Владимир Ионов. Фото из его личного архива

Владимир Ионов. Фото из его личного архива

Браун: Без крови не обойдется.

Ионов: Я на собственной шкуре убедился, когда после акции в честь дня рождения Надежды Савченко (пилот ВВС Украины, находящаяся под судом в России, прим. «Спектра») оказался в ОВД «Сокольники». Полицейский меня избил, и было видно, что он ничего не боится — он показал бляху, номер. Его товарищи все это видели. У меня подозрение, что он приехал из горячей точки, где и не такое видел. Ударить человека, а если нужно и замочить, ему особого труда не предоставит. Таких людей, к сожалению, в России очень много.

— Вы рассчитываете застать какие-то изменения в России?

Ионов: А я не сомневаюсь. Я думаю, что в 2016 и 2017 году страна не потерпит Путина. Если не страна, то его ближайшее окружение, которому не нужен этот геморрой, связанный с санкциями, невозможностью учиться, лечиться и прятать деньги за границей.

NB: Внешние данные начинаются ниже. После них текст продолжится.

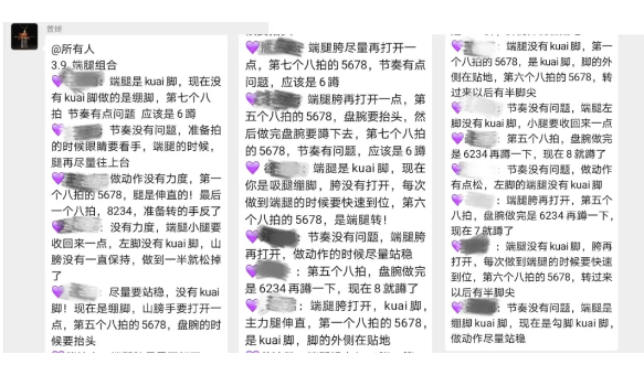 上课时,曾焯会通过点名、连麦问答,或者指定学生展示动作等方式加强课堂管理,让学生全部参与进来。为了更好的保证上课效果,曾焯会在知到APP和QQ群中发出分段讲解和完整版的视频,方便学生课前预习和课后复习,并且学完一个组合后会在QQ群视频讲解需要改进和注意的方面,还会指定一位同学进行示范,请另一位同学指出做示范的同学存在的问题。在基本功练习时,曾焯会清晰地罗列出同学需要做到的程度。

Им это не надо! Они Вове объяснят: «Вова, нам такой геморрой не нужен. Мы так не договаривались». А мы должны со своей стороны тоже выражать протест, чтобы напоминать, что власть ведет себя неподобающим образом.

— То есть, возможно объединение оппозиции с элитами по-вашему?

Ионов: Конечно. Тут же общие интересы! Элита не заинтересована в противостоянии с миром. Элите не нужно идти по встречке. Ей не нужны эти проблемы.

— В случае смены власти вы вернетесь в Россию?

Ионов: Я такого не исключаю, почему нет?